Exercise:
From the material below, set down exactly the lines that run from the one containing "Grilled chicken, fontina" to the one containing "Siyah Beyaz Çizgili Boğazlı Triko Kazak", minus the pictures.

--- Available data ---

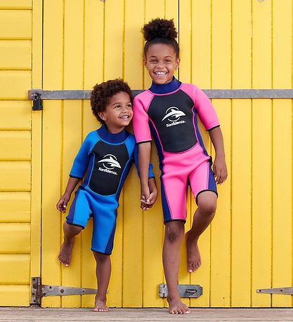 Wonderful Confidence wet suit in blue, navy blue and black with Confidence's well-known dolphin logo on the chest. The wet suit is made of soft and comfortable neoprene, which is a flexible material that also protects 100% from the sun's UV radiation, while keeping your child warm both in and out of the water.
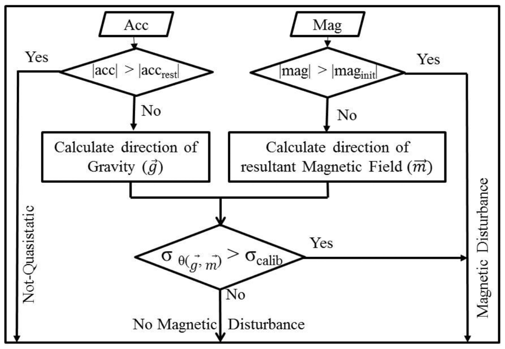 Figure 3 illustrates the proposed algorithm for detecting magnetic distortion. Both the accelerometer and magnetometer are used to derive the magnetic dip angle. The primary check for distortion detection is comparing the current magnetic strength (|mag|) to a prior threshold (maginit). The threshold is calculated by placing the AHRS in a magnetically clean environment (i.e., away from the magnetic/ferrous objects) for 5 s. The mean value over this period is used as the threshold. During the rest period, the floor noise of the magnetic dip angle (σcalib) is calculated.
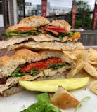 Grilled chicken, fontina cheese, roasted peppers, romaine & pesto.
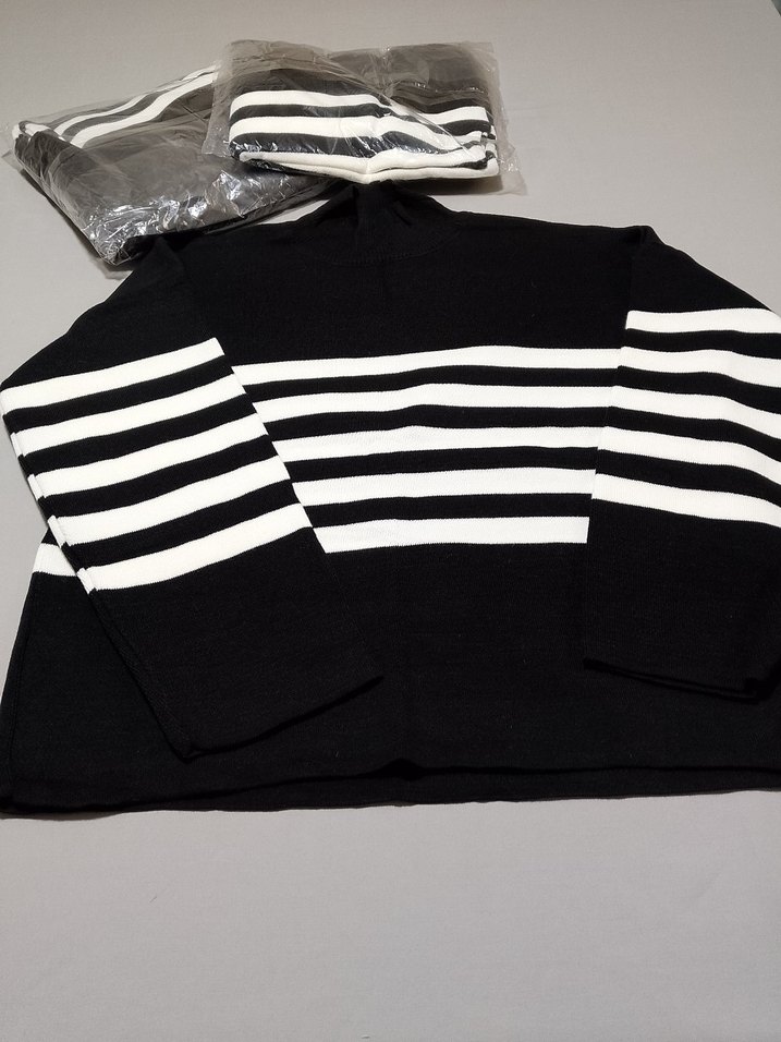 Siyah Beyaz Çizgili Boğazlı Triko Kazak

---
--- Available data ---

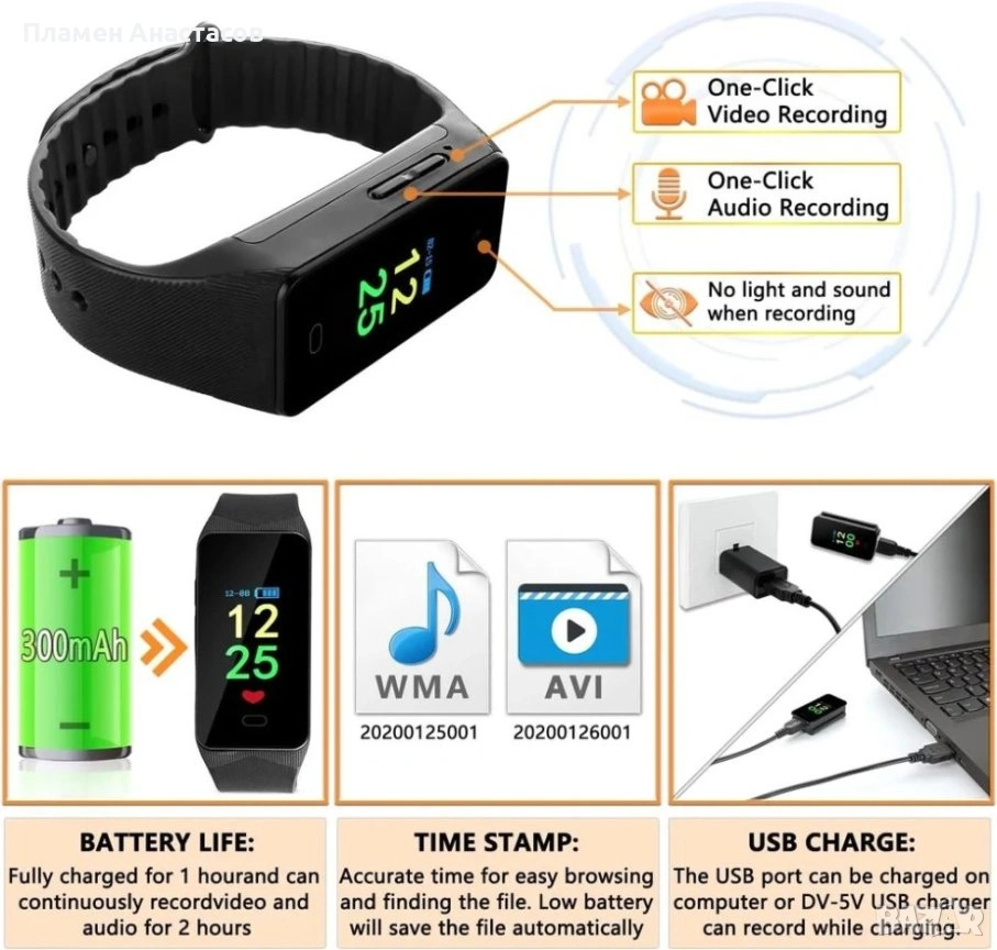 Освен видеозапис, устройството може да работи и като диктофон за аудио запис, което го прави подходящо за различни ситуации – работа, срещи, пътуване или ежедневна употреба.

---

Task solution:
 Grilled chicken, fontina cheese, roasted peppers, romaine & pesto.
 Siyah Beyaz Çizgili Boğazlı Triko Kazak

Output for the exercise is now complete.